- [Dataset section]
┄┄┄┄┄┄┄┄┄┄┄┄┄┄┄┄┄┄┄┄

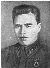
Майор П. М. Гаврилов. 1941 г.
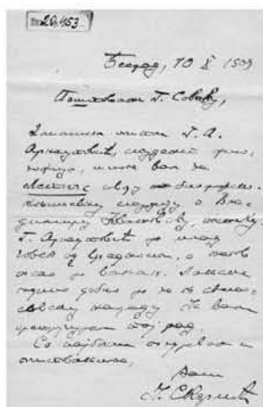
Писмо Јована Скерлића Милану Савићу, 1909
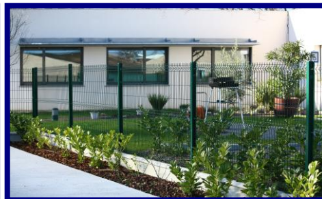
Soubassement béton éventuellement

┄┄┄┄┄┄┄┄┄┄┄┄┄┄┄┄┄┄┄┄

- [What to work on] The response should reproduce all the material above exactly and leave out its pictures.

- [Exercise solution]
Майор П. М. Гаврилов. 1941 г.
Писмо Јована Скерлића Милану Савићу, 1909
Soubassement béton éventuellement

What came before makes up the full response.